Recent headlines support idea that Jones Act makes no economic sense
from Grassroot Institute
Last week’s headlines confirm that the 1920 federal maritime law known as the Jones Act — a century-old problem for Hawaii — drives up shipping costs for aluminum cans, oil and gas, wind energy and just about everything else. Among recent articles selected for your reading pleasure:
>> In “Soda Cans Simply Hit Different In Hawaii,” Mashed, May 1, Jess Jezioroswki writes about one reason soda cans in Hawaii are so different from those manufactured on the mainland. “The cost of doing business across an ocean is very expensive. Everything needs to be shipped to the islands, and a 100-year-old law called the Jones Act increases shipping costs, according to Grassroot Institute of Hawaii.”

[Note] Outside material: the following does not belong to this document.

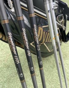 20日の練習日、選手たちが最終調整をしているドライビングレンジの後方に見慣れない色のトゥルーテンパー「Steel Fiber(スチールファイバー)」が立てかけてあるのを見つけた。プリントされている「i105」「i90」「i75」から「スチールファイバーiシリーズ」なのはわかるが、ブラックと濃いグレーのツートンカラーになっている。発売中の「iシリーズ」と何が違うのか、近くにいたツアー担当に話を聞かせてもらった。

>> In “The Jones Act’s Role in Encouraging Puerto Rico’s Use of Russian Energy,” Cato Institute, May 1, Colin Grabow and Alfredo Carrillo Obregon write that until Russia invaded Ukraine, the U.S. territory of Puerto Rico imported liquified natural gas and oil from Russia on a regular basis. They asked: Why would the island import LNG from distant Russia rather than the much closer U.S. mainland — one of the world’s top exporters of LNG? They answered: “A large part of the answer almost certainly lies in U.S. maritime protectionism. Of the world’s more than 640 LNG tankers, zero comply with the [Jones Act].”
>> Speaking of LNG, in “Shell delivers first LNG cargo to US Navy in Guantanamo Bay on Avenir vessel,” TradeWinds, May 2, Lucy Hine writes that the U.S. Navy is using foreign-flagged tankers to move the fuel to its Guantanamo Bay base, partly because there are no available Jones Act LNG tankers and partly because Gitmo is leased from Cuba, a foreign destination, so shipments from the U.S. do not need to be carried on Jones Act ships.
>> In “Shipbuilding Contributes to Higher Costs in US Offshore Wind,” Offshore Engineer, May 1, Eric Haun writes that the Jones Act has posed a challenge to states exploring the possibility of building offshore wind farms, especially its requirement that many of the ships associated with turbine installation be built in the United States. “The price to build these vessels in the U.S. — where labor costs are only expected to increase — is considerably higher than it is for those being built in Asia and Europe,” Haun writes. “According to Intelatus, the price for a newly built Jones Act-compliant SOV [service operations vessel] comes with a 40% to 140% premium compare to SOVs being built for Europe.”